Scaling TB's of data with Apache Spark and Scala DSL at Production
Since Apache Spark became one of the leading top Apache community project with Scala, Requirement of scala skillset changed drastically at global level. As entire Apache Spark framework has been written in scala from ground, it’s real pleasure to understand beauty of functional Scala DSL with Spark.
This talk is intent to present :
primary data structures (RDD, DataSet, Dataframe) usage in universal large scale data processing with Hbase (Data lake), Hive (Analytical Engine).
We will go through importance of physical data split up techniques such as Partition, Repartition, Coalesce in Scaling TB’s of data with ~17 billions of transactional data as a use case / case study.
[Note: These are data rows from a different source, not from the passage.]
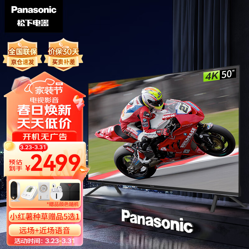 松下(Panasonic)电视LX580 50英寸 丽可彩4K 屏MEMC AI语音 开机无广告智能电视机 TH-50LX580C价格:2498.00元!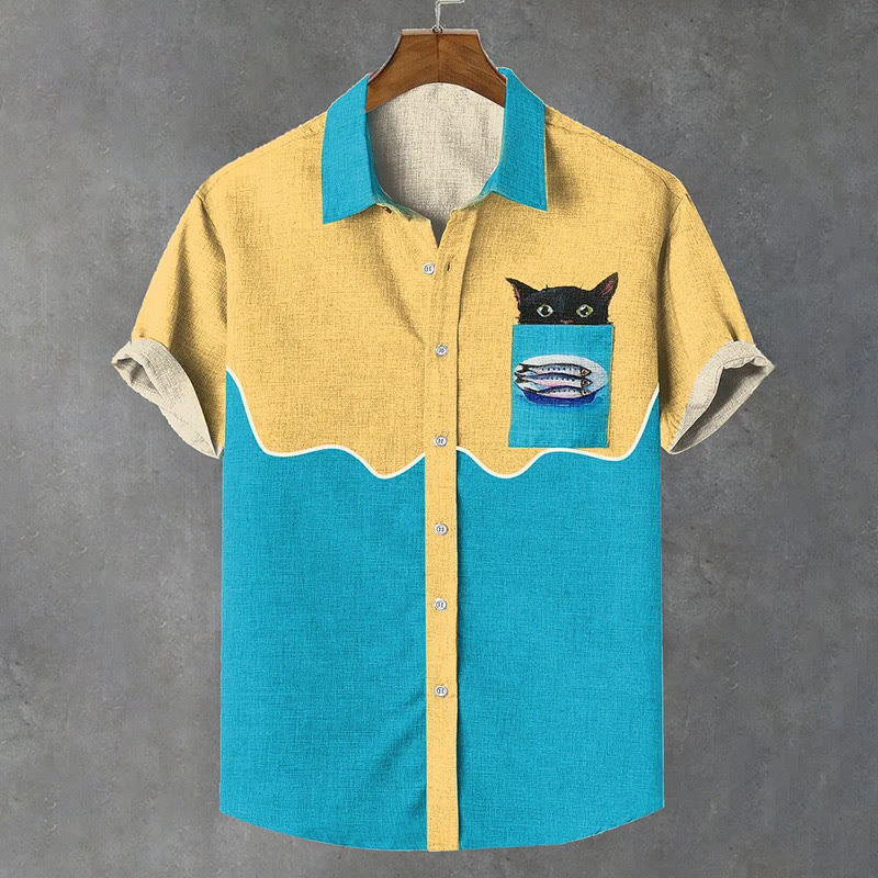 Dashingsoul Summer Men's Retro Fun Eat Fish Black Cat Contrast Color Art Print Short Sleeve Lapel Shirt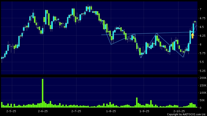 Head Shoulders bottom is a typical bullish signal, when stock price breaks the resistant level, uptrend would possibly start.(HK stocks quote is delayed for at least 15 mins.Short Selling Data as at 2025-10-20 12:25.)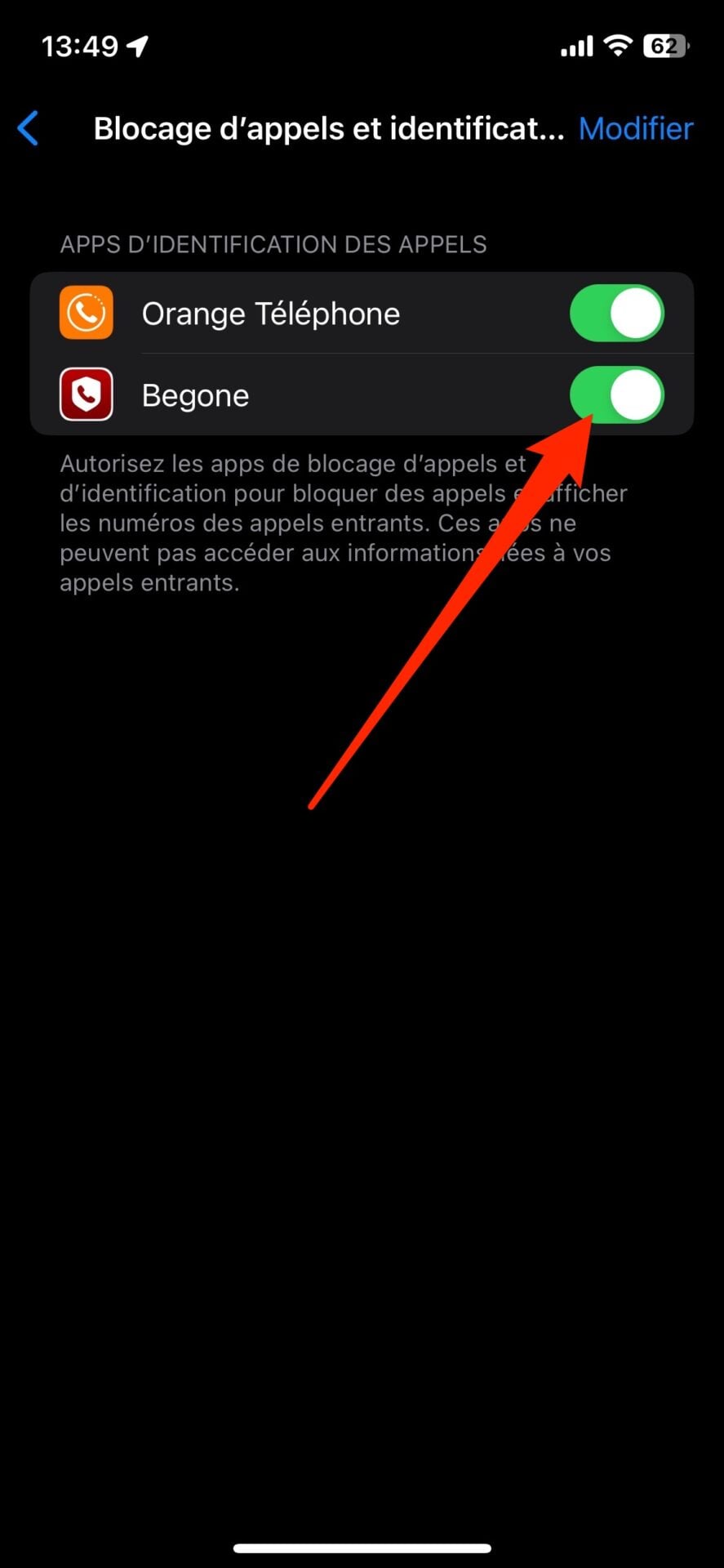 Pour que Begone puisse bloquer les appels indésirables sur votre iPhone, vous devez au préalable autoriser l’application dans les paramètres de l’application Téléphone. Pour ce faire, ouvrez les Réglages d’iOS, puis rendez-vous dans le menu Téléphone. Entrez ensuite dans Blocage d’appel et identification, puis activez Begone.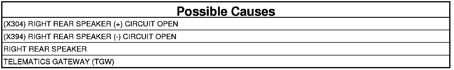 - Repair the (X304) Right Rear Speaker (+) circuit for an open.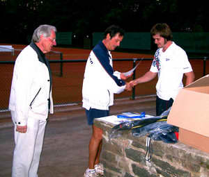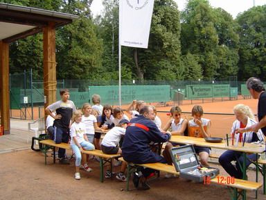 Wieder einmal hieß es am 18. September 2004 - "die Clubmeisterschaften 2004 sind eröffnet". Nach einer kurzen Ansprache des Vereinsvorsitzenden Claus Tanneberger und der Bekanntgabe der ersten Auslosungsrunde durch unseren Sportwart Andreas Becher begannen an einem spätsommerlichen Tag die ersten Spiele. Gespielt wurde in 3 Altersklassen- Damen, Herren und Herren 40. Mit je 12 Tennisbegeisterten Vereinsmitgliedern in jeder Altersklasse war es eine gut besuchte Clubmeisterschaft. Wer seinem Schläger eine neue Saite verpassen wollte - konnte dies vor Ort durch die Firma Völkl machen lassen (vertreten durch Michael Singer). Zudem wurden auch Testschläger bereitgestellt. Andreas Hahn vom Intersport GÜ-Sport am Rosenhof gab jedem Interessierten passende Tipps - welcher Schlägertyp für welchen Spieler in betracht käme. Rückblickend war dies ein rundum gelungener Tag - bei dem man noch einmal die Sonnenstahlen richtig genießen konnte ... |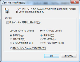 ⑤ 「自動Cookie処理を上書きする」とある項目をチェックが入っている状態にして、「ファーストパーティのCookie」「サードパーティのCookie」の項目それぞれ「承諾する」を選択します。また、「常にセッションCookieを許可する」もチェックが入っている状態にします。全て変更したら「OK」をクリックします。

Also, We will understand crucial part and very interesting way of understanding parallel & concurrent distributed data processing – tuning memory, cache, Disk I/O, Leaking memory, Internal shuffle, spark executor, spark driver etc.
Session length
40 minutes
Language of the presentation
English
Target audience
Beginner: No need to have prior knowledge
Who is your session intended to
Who understands basic functional programming with scala or has understanding of Java.
Who understands concurrent programming or multithreading in Java / Scala.
Who has interest in distributed data processing and has keen interest in data scaling optimization.
Who has earlier worked in Big Data, Fast Data or has keen interest.
Speaker
CHETANKUMAR KHATRI
(Lead - Data Science at Accion labs.)